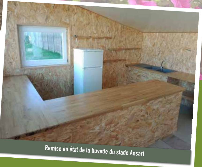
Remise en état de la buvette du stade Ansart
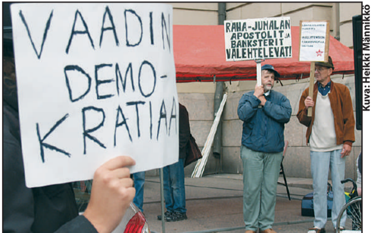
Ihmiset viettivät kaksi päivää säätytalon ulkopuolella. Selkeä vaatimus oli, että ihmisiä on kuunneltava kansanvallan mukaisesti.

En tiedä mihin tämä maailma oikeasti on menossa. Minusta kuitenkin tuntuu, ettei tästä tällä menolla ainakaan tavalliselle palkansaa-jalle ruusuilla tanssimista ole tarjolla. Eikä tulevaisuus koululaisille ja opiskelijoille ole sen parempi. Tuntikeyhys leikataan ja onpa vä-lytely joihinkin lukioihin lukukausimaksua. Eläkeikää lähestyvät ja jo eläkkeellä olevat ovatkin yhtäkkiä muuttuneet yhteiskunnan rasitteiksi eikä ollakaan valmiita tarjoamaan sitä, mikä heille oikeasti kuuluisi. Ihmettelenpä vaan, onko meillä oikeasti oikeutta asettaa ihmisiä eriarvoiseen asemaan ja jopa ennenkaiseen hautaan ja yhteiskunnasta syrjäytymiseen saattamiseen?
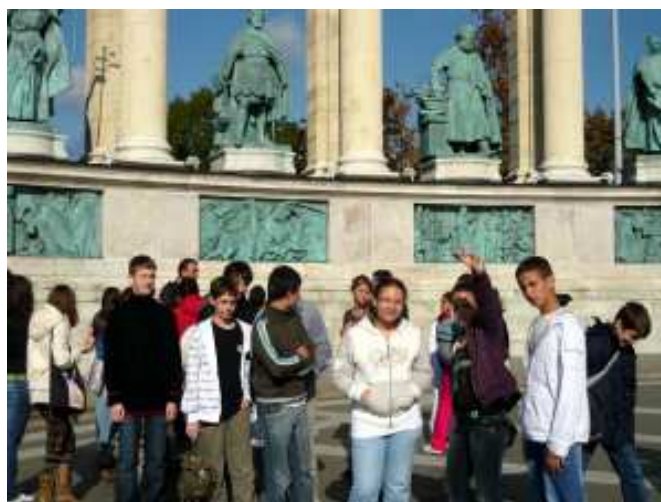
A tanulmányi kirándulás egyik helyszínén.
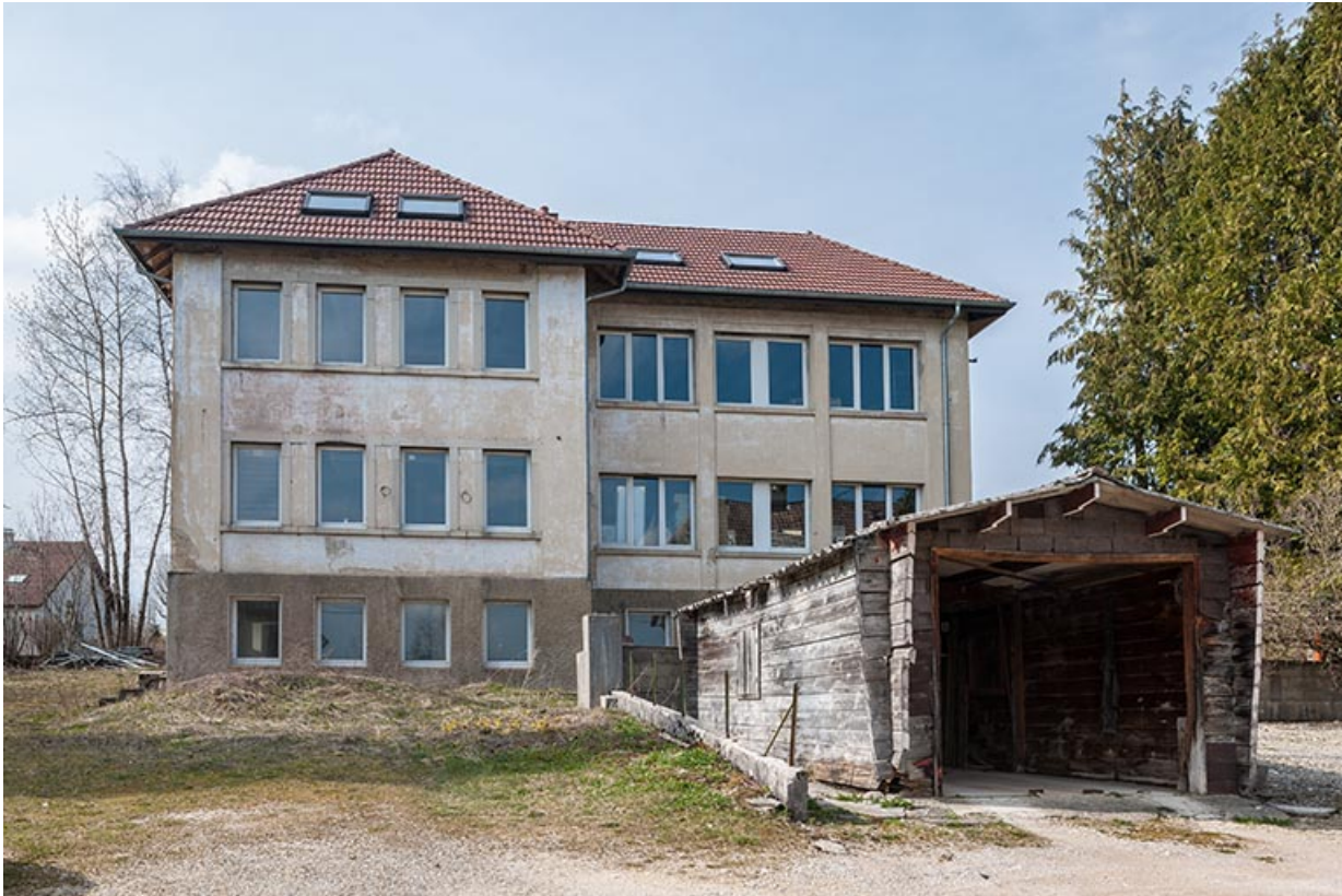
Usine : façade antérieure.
────────────────
*REQUIRED ACTION*.
Look through the entries above, find each line containing "ihmisiä", and copy it.

*OUTPUT*.
Ihmiset viettivät kaksi päivää säätytalon ulkopuolella. Selkeä vaatimus oli, että ihmisiä on kuunneltava kansanvallan mukaisesti.
En tiedä mihin tämä maailma oikeasti on menossa. Minusta kuitenkin tuntuu, ettei tästä tällä menolla ainakaan tavalliselle palkansaa-jalle ruusuilla tanssimista ole tarjolla. Eikä tulevaisuus koululaisille ja opiskelijoille ole sen parempi. Tuntikeyhys leikataan ja onpa vä-lytely joihinkin lukioihin lukukausimaksua. Eläkeikää lähestyvät ja jo eläkkeellä olevat ovatkin yhtäkkiä muuttuneet yhteiskunnan rasitteiksi eikä ollakaan valmiita tarjoamaan sitä, mikä heille oikeasti kuuluisi. Ihmettelenpä vaan, onko meillä oikeasti oikeutta asettaa ihmisiä eriarvoiseen asemaan ja jopa ennenkaiseen hautaan ja yhteiskunnasta syrjäytymiseen saattamiseen?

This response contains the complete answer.